### TASK TO COMPLETE
When you reach the line with "狄生奎一行还走访了第一教学楼", start repeating the lines exactly and keep going to the end of the records, but drop every picture.

Data records:

::::::

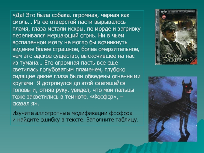 пасти вырывалось пламя, глаза метали искры, по морде и загривку переливался мерцающий огонь. Ни в чьем воспаленном мозгу не могло бы возникнуть видение более страшное, более омерзительное, чем это адское существо, выскочившее на нас из тумана… Его огромная пасть все еще светилась голубоватым пламенем, глубоко сидящие дикие глаза были обведены огненными кругами. Я дотронулся до этой светящейся головы и, отняв руку, увидел, что мои пальцы тоже засветились в темноте. «Фосфор», – сказал я».
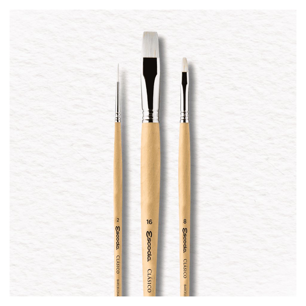 Štetce Escoda Clásico sú vysoko kvalitné štetce s bielymi štetinami Chungking Hog určené na maľovanie olejom a ťažkými akrylovými farbami. Štetiny Chungking, ktoré sú známe svojou tuhosťou a pevnosťou, poskytujú vynikajúcu kontrolu pri nanášaní hustej farby a vytváraní expresívnych stôp.
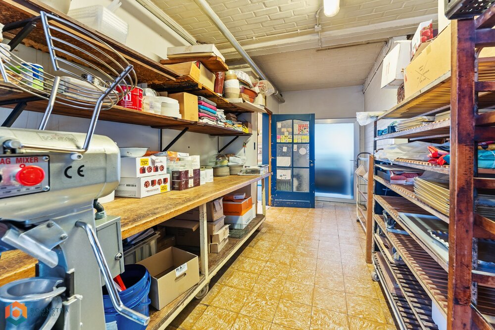Op het gelijkvloers beschikt u over een handelsruimte die verschillende mogelijkheden biedt en geschikt is voor verschillende doeleinden. Achteraan bevindt zich nog een praktische opbergruimte/werkplaats die momenteel is ingericht als bakkerij en waar u ook een keuken kunt inrichten. Aangrenzend vinden we een appartement voorzien van 2 slpkrs, badkamer, keuken en woonplaats.
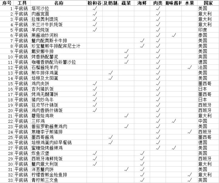 解锁菜谱带着随机性,总刷不出来自己想要的东西,最后解锁出来发现跟自己猜想的完全不一样。希望这个菜谱能帮助到你。本菜谱按照游戏内的菜谱排列,等更新完,我看下用什么放ex表格上来方便你们查找√以下是菜谱直达链接:
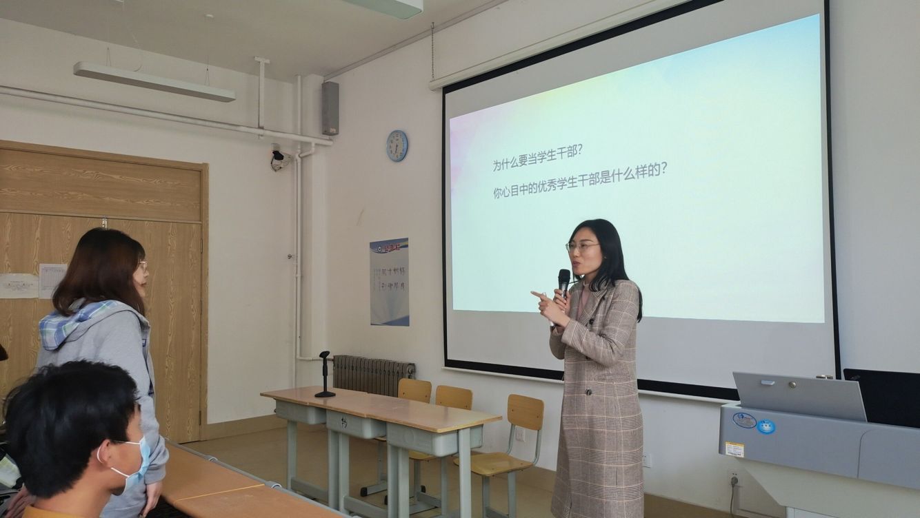张艳梅老师围绕“有位”、“有为”、“有威”、“有心”,讲述了学生干部的职责,学习和学生干部工作的关系,团队协作能力的提升,心理健康的调适四个方面内容。
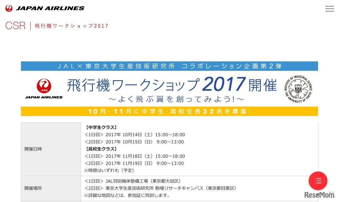 日本航空(JAL)と東京大学生産技術研究所は、中高生を対象とした「飛行機ワークショップ2017~よく飛ぶ翼を創ってみよう!~」を開催する。中学生クラスは10月に、高校生クラスは11月にそれぞれ2日間の日程で開催。各クラス32人を募集する。参加費は無料。
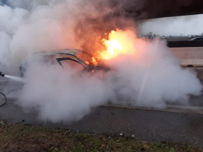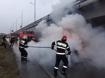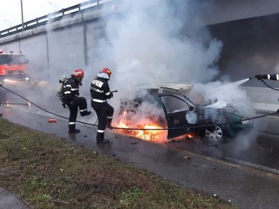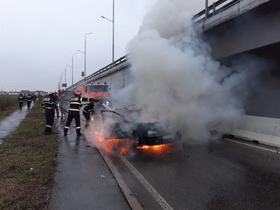 Șoferul a ieșit nevătămat, se pare, din autoturismul care era cuprins în totalitate de flăcări.
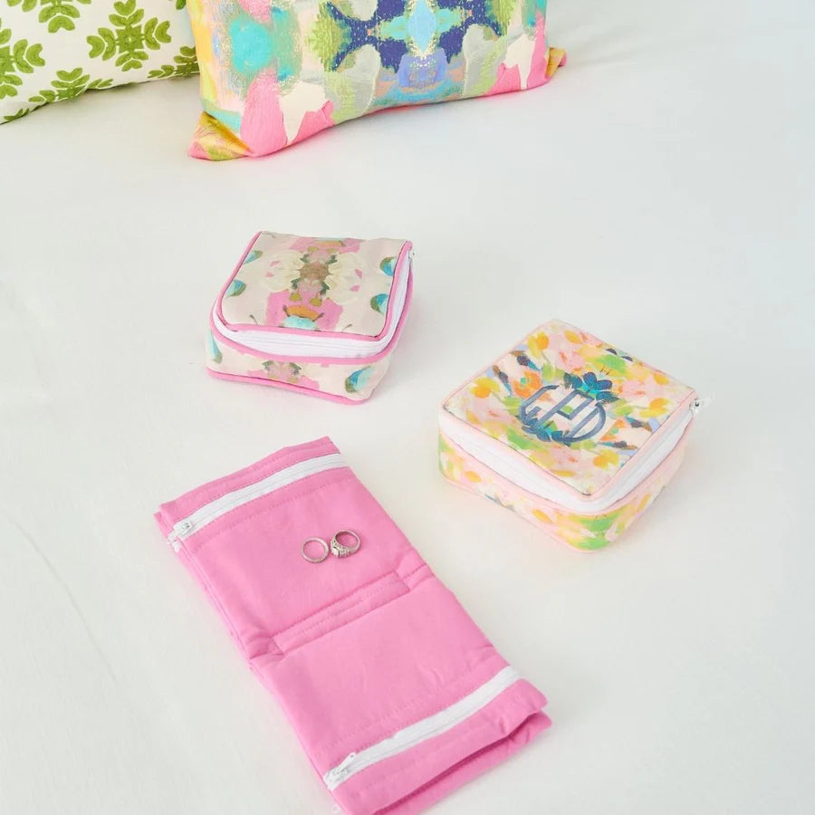 The Monet's Garden Pink Jewelry Case is the perfect travel companion for your favorite accessories and precious gems. Keep your jewelry safe, organized, and effortlessly chic with this stylish case, featuring a removable pouch set for smart storage and easy access.
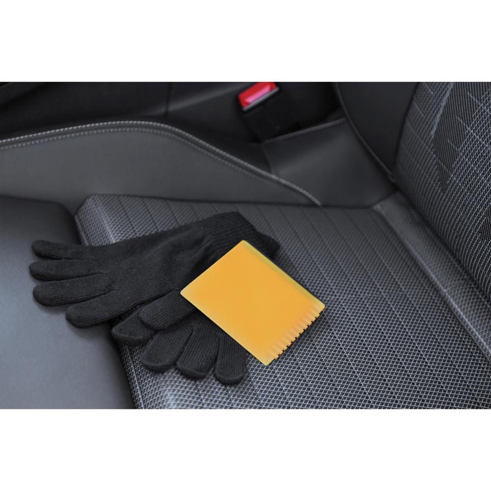 De met de plus. Handige, platte ijskrabber met krabtanden, gladde krabrand en waterafstrijker.meer
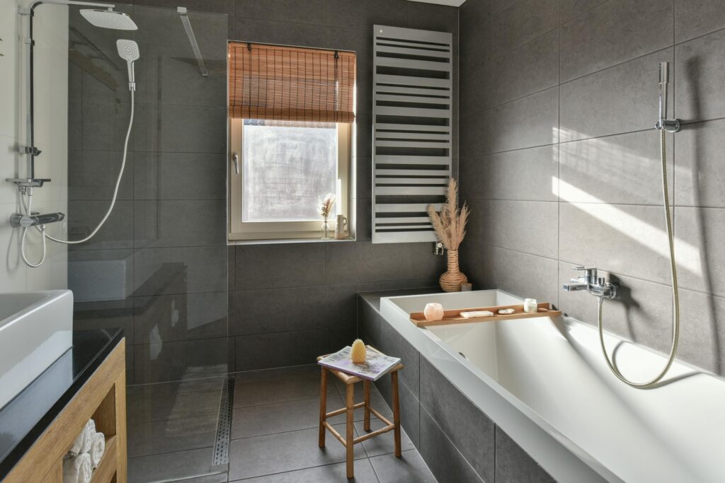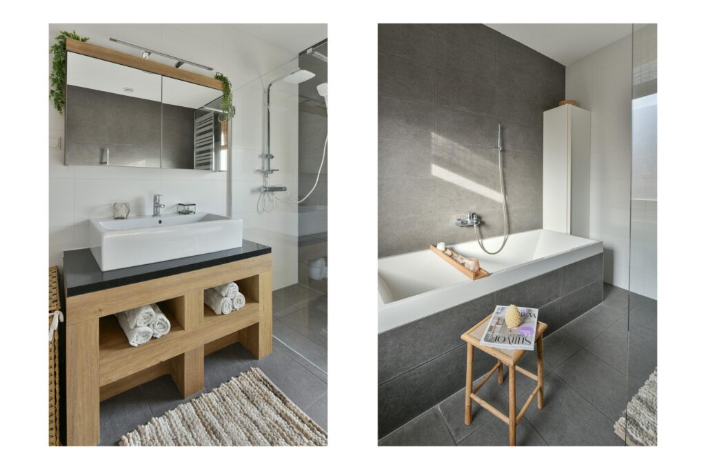 - Badkamer met wastafel, inloopdouche en ligbad;
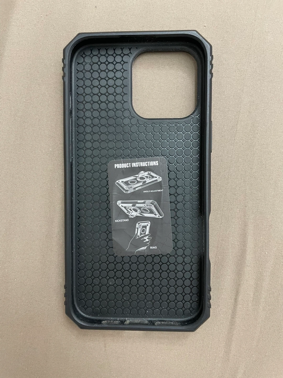 This protective phone case is black and comes with a built-in ring kickstand. It offers enhanced grip and protection for your device. The case also features angle adjustment for the kickstand.
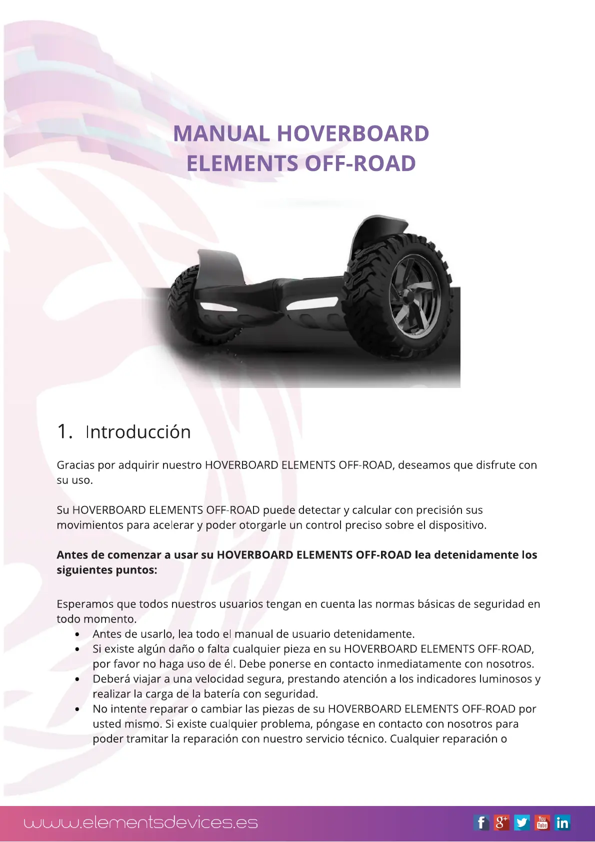 Läs gratis den bruksanvisning för Elements Hoverboard Off-Road (9 sidor) i kategorin Självbalanserande skoter. Guiden har ansetts hjälpsam av 32 personer och har ett genomsnittsbetyg på 4.2 stjärnor baserat på 4 recensioner. Har du en fråga om Elements Hoverboard Off-Road eller vill du ställa frågor till andra användare av produkten? Ställ en fråga
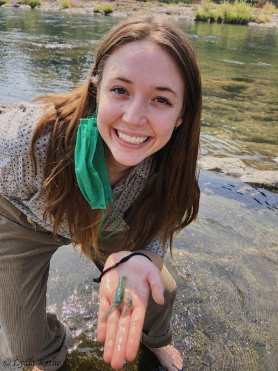 Whistler’s Bend - "Autumn Mann excited about finding a blue crawfish in the North Umpqua River at Whistler’s Bend County Park"
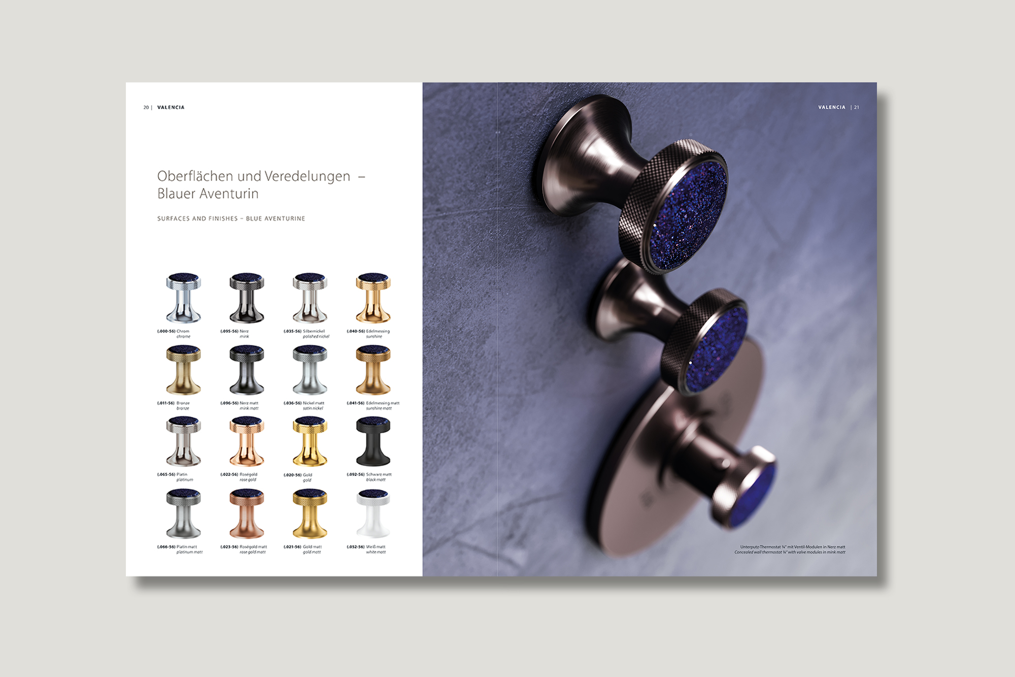 - Komplette Übersicht über das umfangreiche und vielfältige Programm der „Valencia“-Kollektion – mit Produktinformationen inklusive technische Daten zu allen Armaturen und Accessoires für Waschtisch, Wanne, Dusche, Bidet und WC – sowie über alle neun erhältlichen Griffoptionen in Kombination mit 16 Oberflächen und Veredelungen aus eigener Produktion
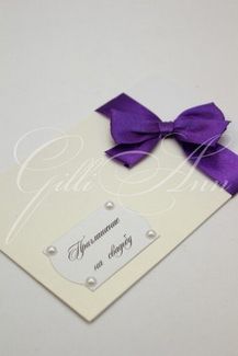 Свадебные пригласительные Gilliann Isabella INV016 Свадебное приглашение в форме конверта из дизайнерской бумаги цвета айвори. С правого края конверт обтянут фиолетовой атласной лентой, завязанной в бант. В левой части - бирка с надписью и четырьмя жемчужинами в фигурных углах. Текст с приглашением для гостя написан на листке белой бумаги, который вкладывается внутрь. Материал: дизайнерская бумага, атласная лента, жемчуг Размеры: любые. Мин. заказ 500 руб.
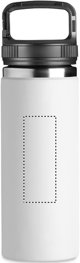 Kaksiseinäinen ruostumattomasta teräksestä valmistettu termospullo, jossa on ripustuslenkki korkissa. Tilavuus 500 ml.
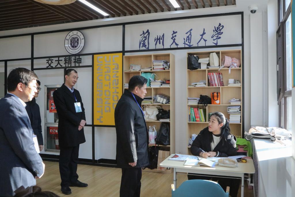 狄生奎一行还走访了第一教学楼的文化长廊、学院专业固定教室、绘图教室及阶梯教室,并与学生进行亲切交流,仔细倾听诉求,同时就教学楼大厅设置自助打印机等配套服务设施进行了解,对这种便于学生、服务学生的做法给予充分肯定。
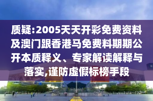 質(zhì)疑:2005天天開(kāi)彩免費(fèi)資料及澳門跟香港馬免費(fèi)料期期公開(kāi)本質(zhì)釋義、專家解讀解釋與落實(shí),謹(jǐn)防虛假標(biāo)榜手段
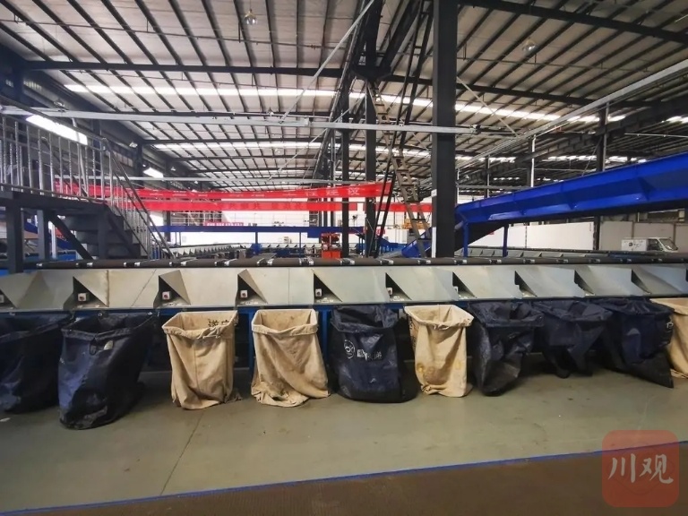 在他身后,一台智能全自动交叉分拣设备正在车间作业。卸货、拍照、分拣......设备通过高速拍照的方式,按区域划分,自动分拣到遂宁的快递。

::::::

### ANSWER SPACE
 狄生奎一行还走访了第一教学楼的文化长廊、学院专业固定教室、绘图教室及阶梯教室,并与学生进行亲切交流,仔细倾听诉求,同时就教学楼大厅设置自助打印机等配套服务设施进行了解,对这种便于学生、服务学生的做法给予充分肯定。
 質(zhì)疑:2005天天開(kāi)彩免費(fèi)資料及澳門跟香港馬免費(fèi)料期期公開(kāi)本質(zhì)釋義、專家解讀解釋與落實(shí),謹(jǐn)防虛假標(biāo)榜手段
 在他身后,一台智能全自动交叉分拣设备正在车间作业。卸货、拍照、分拣......设备通过高速拍照的方式,按区域划分,自动分拣到遂宁的快递。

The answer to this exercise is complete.